Daniel is the son of Paul and Rochelle Isaacson, who were charged with conspiracy to sell nuclear secrets to the Soviets in the 1940s.  (It's based loosely on the trial of Julius and Ethel Rosenberg, and though I gathered that it was related to that historical event, I really didn't care about how faithful or not it was to that story, because this novel itself was so gripping.)  The novel swerves around in time - from the present, where Daniel is going to visit his sister in an insane asylum, to the near past - or is it the early future? - where Daniel is sitting in the library at Columbia trying to write his dissertation, to the far past, where his parents first met.

This was the most thoroughly well-written book I've read in years and years, and my feeble summation won't do it justice.  If you need a review, there are smart reviews on Goodreads.  Or, you can assume that my incredibly well-read friend has great taste in books, and go read it.  Worked for me.

Book #33 - The Spiderwick Chronicles

My best friend sent my daughter, a great reader, the first book in the Spiderwick Chronicles, and then, post facto said, "Mmm...maybe not for a first grader. You should read it first to test it out."  So I read The Field Guide, the first in the Spiderwick Chronicles and was totally hooked.

I ran to the library to get the rest of the series (there are five in the first series, but there's a follow-on series called "Beyond the Spiderwick Chronicles" which I think I'll be checking out shortly), but only books 3-5 were available.  I inhaled them.  Today, weeks later, I finally got book 2 from the library, so I can close this series down.

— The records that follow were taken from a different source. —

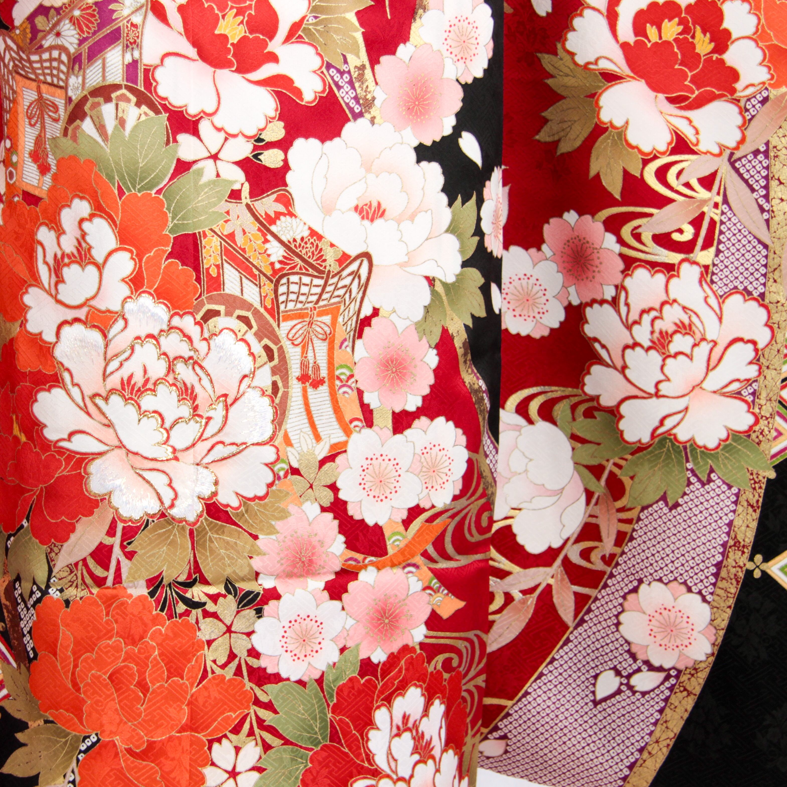 赤地に御所車や牡丹が印象的な新古典振袖です。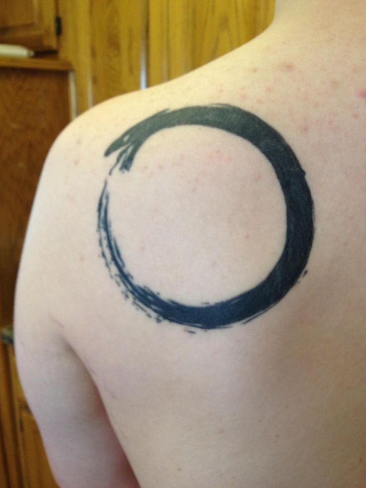 У владельца есть цитата, вытатуированная вдоль кривизны круга дзен. Цитата может быть изменена в соответствии с тем, что вам нравится. Его можно рассматривать как изображение жизни, а также его называют кругом единения.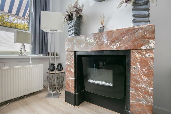 Na voorportaal links de woonkamer met marmeren schouw en sfeerhaard (blijft achter).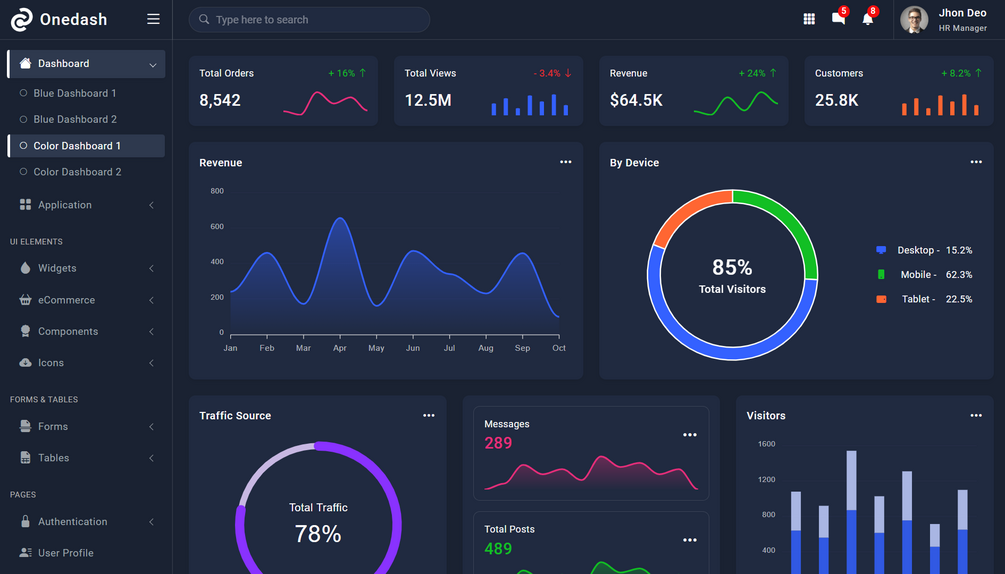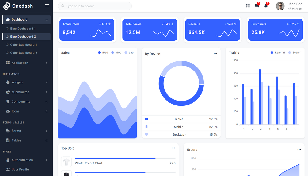 Onedash is a responsive bootstrap 5 admin template. It has multiple dashboard variations. It is built with the latest bootstrap 5 frameworks. It works on all major web browsers, desktops, and all smartphone devices. It is a very easy-to-customize and developer-friendly template. It has a huge collection of UI components with the latest jQuery & bootstrap plugins. It can be used for any type of web application eCommerce dashboard, custom admin panel, project management admin, CRM, cms, etc.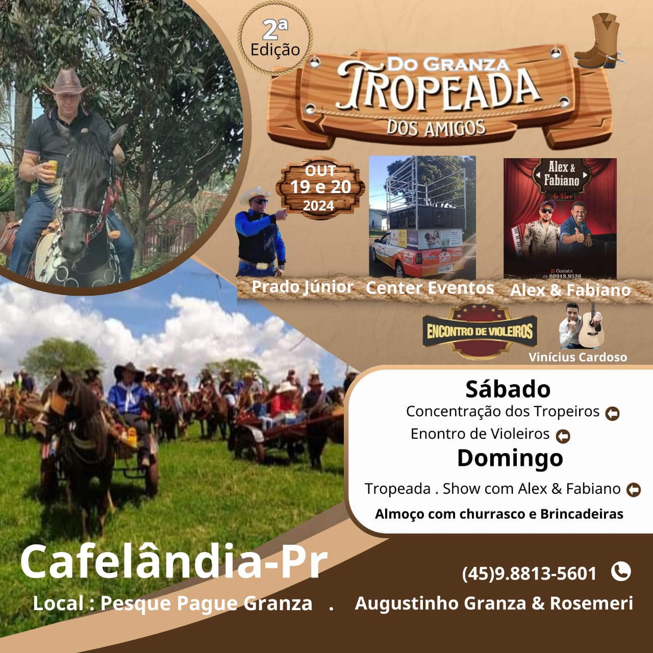 O evento irá começar no sábado dia 19 de outubro e terminará no domingo dia 20, no sábado haverá a concentração dos tropeiros que virão de toda a região, e a noite terá encontro de violeiros, com a participação do locutor Vinícius Cardoso.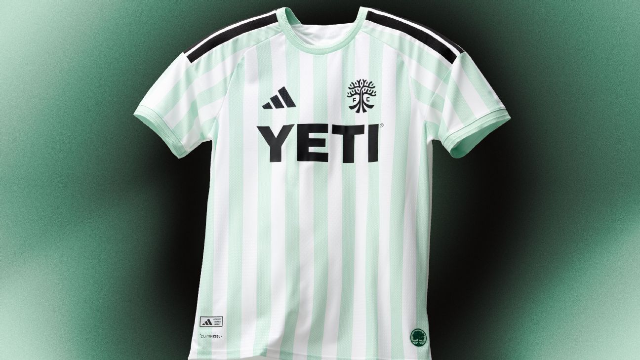 奥斯汀首次在主场和客场球衣上采用了垂直条纹设计,两件球衣都是绿色,可能会显得有点重复,但这件球衣足够独特,足以成为一对完美的搭配。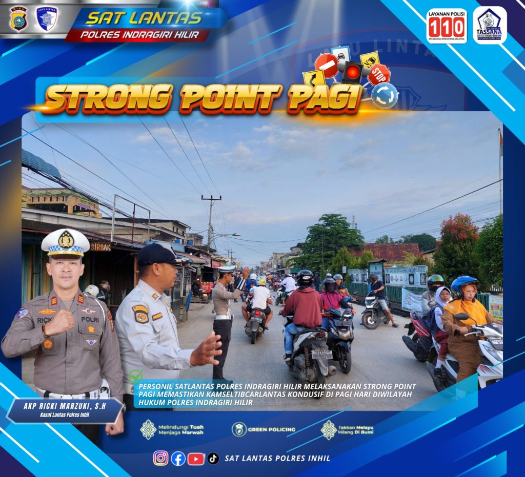 Tembilahan – Personel Satuan Lalu Lintas (Satlantas) Polres Indragiri Hilir melaksanakan kegiatan strong point pagi guna memastikan keamanan, keselamatan, ketertiban, dan kelancaran lalu lintas (kamseltibcarlantas) tetap kondusif di wilayah hukum Polres Indragiri Hilir, Senin (12/1/2026).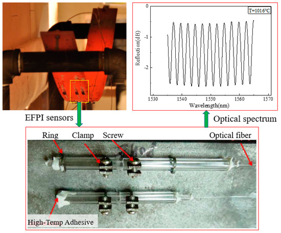 EFPI sensors have also been used to measure strain and crack opening in ceramic materials subjected to coal fire [68]. Crack opening widths in a range of 17 μm to 33 μm were measured using EFPI sensors at temperatures up to 900 °C. EFPI sensors with a similar scheme have been used to measure strains of steel frames [56]. The sensors attached on the surface of the steel columns measure large strains up to 10% at temperatures up to 800 °C.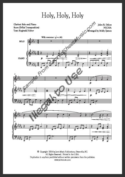 Clarinet solo with piano accompaniment. A beautiful, flowing arrangement of this older hymn praising our holy and merciful ‘Lord God Almighty!’ Moderate level of difficulty.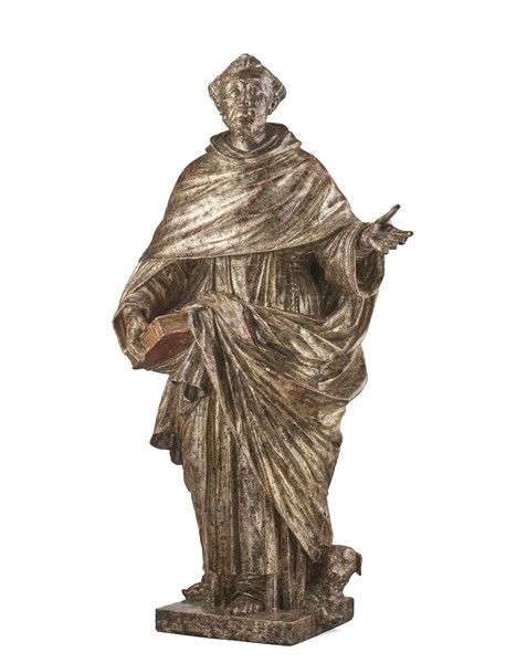 Carved wood, painted, gilded, and silvered. The Saint is depicted holding a book and accompanied by a dog, on a squared base (h. cm 132.5) (defects and restorations)

Jared, his twin brother Simon, his older sister Mallory, and his newly-divorced mom have left the city and moved to Great-aunt Lucy's creepy and ramshackle house in the country.  They've left partly to have a fresh start after the divorce, and partly because Jared has been getting into a lot of trouble in school.  As soon as they arrive at Spiderwick estates, Jared senses there's something really weird going on, and before too long, he learns what it is:  there are faerie creatures all over Spiderwick. The kids work together (though not always harmoniously) to deal with the brownies, boggarts, elves, hobgoblins, goblins, trolls, etc. and, as you might imagine, things turn out OK at the end.

Fun, bright, and interesting, but also a pretty true-to-heart representation of the emotional life of post-divorce kids.  I loved the series!

(Because each book was about 60 pages including illustrations, I'm counting all five as one installment, even though it would take a huge whack at my forty-book goal if I didn't!!)